Time for jello
I haven’t done a jello post in a long, long time.
To rectify that shameful failing, I bring you this [hat tip Ed Driscoll via Instapundit]:
Jell-O might be the glistening dish of picnics and potlucks, but for Allie Rowbottom—a descendant of the Jell-O fortune—it’s both a burden and an abyss. In Jell-O Girls, she weaves together her family history and the story of the classic American dessert to produce a book that alternately surprises and mesmerizes. Despite its title, this isn’t a bland tale that goes down easy; Jell-O Girls is dark and astringent, a cutting rebuke to its delicate, candy-colored namesake.
I feel the need to interrupt and say that the title “Jell-O Girls” doesn’t sound like “a bland tale that goes down easy” to me. It sounds like porn.
But it’s not:
Rowbottom’s great-great-great-uncle purchased the Jell-O business in 1899 for $450. He sold it 26 years later for $67 million, plenty of money to fund several generations of heirs.
Jell-O Girls could have easily devoted itself to the tragic fates of those heirs, or what the family called “the Jell-O curse.”
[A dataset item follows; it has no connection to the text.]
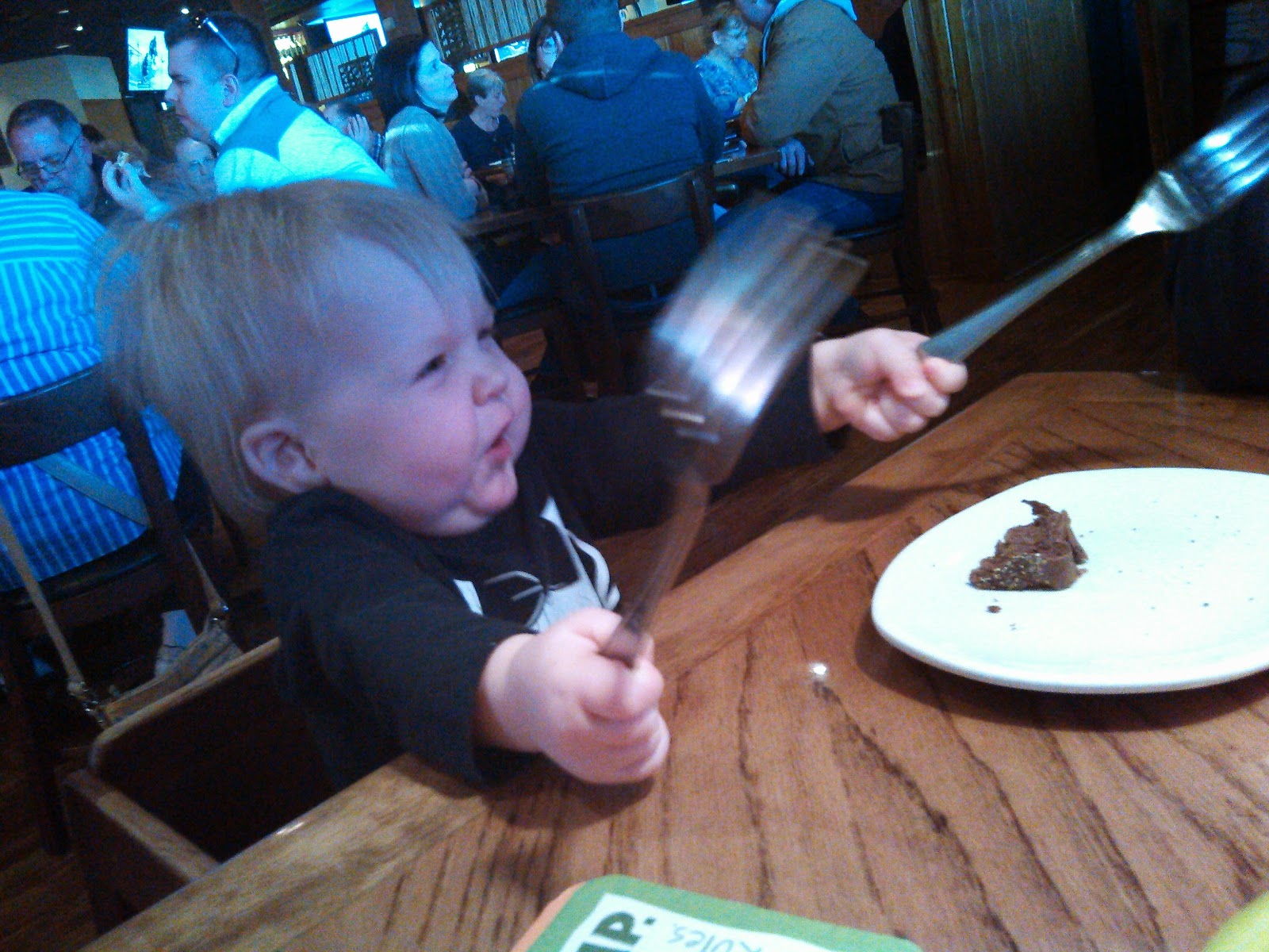 This past weekend Pat and I celebrated our 6th anniversary. 6 years! And we still like each other! This year we didn’t do anything big. We exchanged gifts based on the traditional gifts for six years- iron. That was a tough one. To celebrate this year we also went out to dinner to one of our favorite places- Outback! We are kind of doing a two part celebration. The children’s resale we go to every spring and fall is the weekend after our anniversary, and we knew we wanted to go to that. I’m a member of the group that puts it on, and we’re able to go to the pre-sale. The one downside is it is at 8pm. So we knew we wanted Meo and Omi to babysit Ben the week after our anniversary. Rather than miss out on his company two weeks in a row, we took him with us to our dinner at Outback!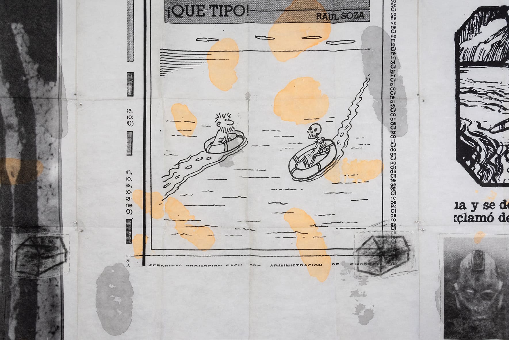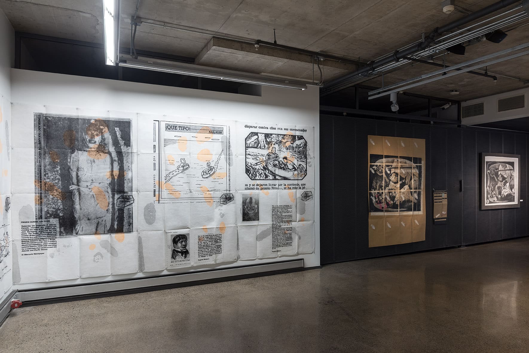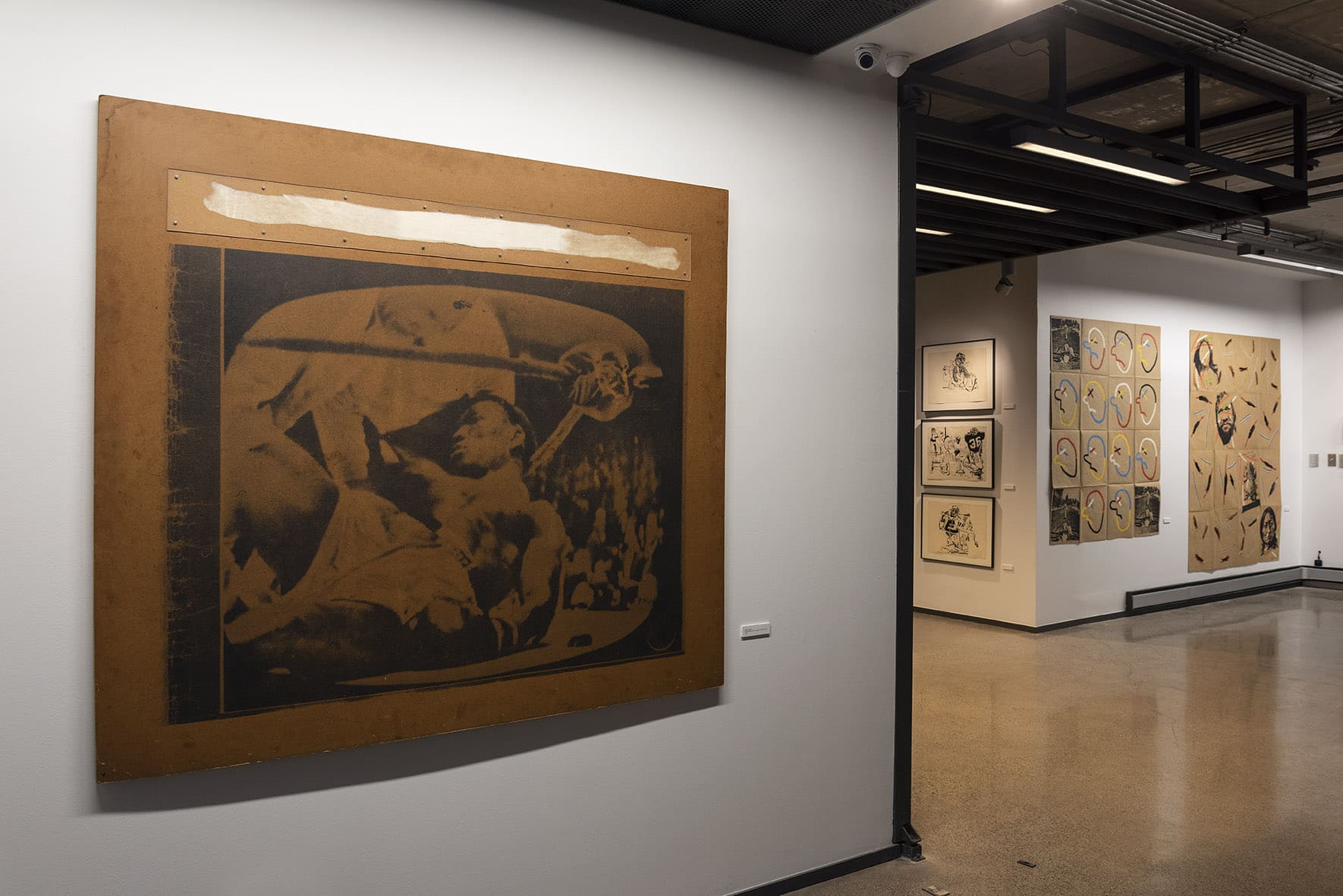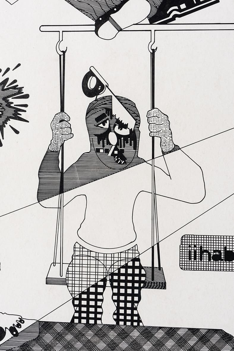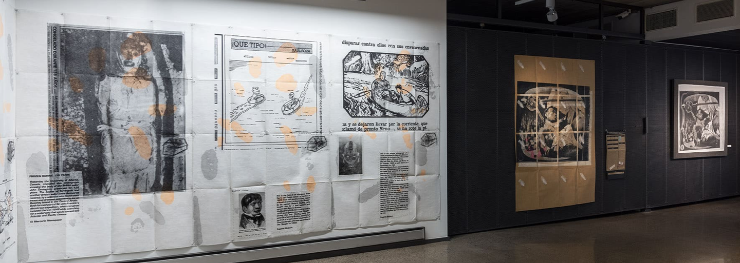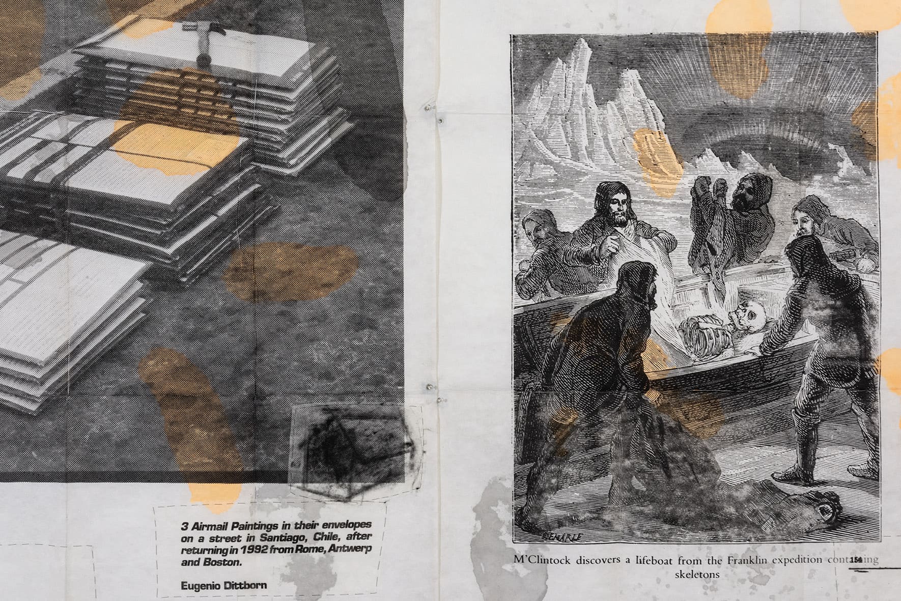 «Trabajos, 1969-2017» («Works, 1969-2017») is a singular exhibition of Eugenio Dittborn’s trajectory over the last fifty years. The works that coexist here -from the airmail paintings to the last drawings made by Dittborn before he «stopped working with his hand»-effectively capture the attitude of an artist that distrusts last words and all fixed states of affairs (including that of his own work). Little by little and at a rhythm of small discoveries, this constellation of images and visual practices allows us to see what Ana María Risco calls an authentic pictorial poetics. A poetics where things that seem absolutely indeterminate are, in reality, the result of a calculation, in the same way that things that seem absolutely calculated lead us incessantly to the indeterminate.”

“The Jell-O curse.” Now it sounds like a Nancy Drew mystery.
Jell-O, meanwhile, gets the full semiotics treatment, as Rowbottom shows how it went from a modern, scientific foodstuff to a relic of soul-killing suburbia. As sharp as her insights often are, this is a book in which Everything Signifies. Even a digression about the catacombs in an Italian monastery includes some Jell-O symbolism. You occasionally want to tell Rowbottom to ease up: Sometimes a Jell-O mold is just a Jell-O mold.
“Soul-killing surburbia”? Maybe the reviewer should ease up, as well.
Here’s the book, which I have to say I probably won’t be reading.
And here are some jello molds that aren’t “just jello molds.”
By the way, “Jell-O” is the brand name, and “jello” is the generic.
[NOTE: This post was originally on my older blog and had comments, but unfortunately the comments didn’t transfer over here.]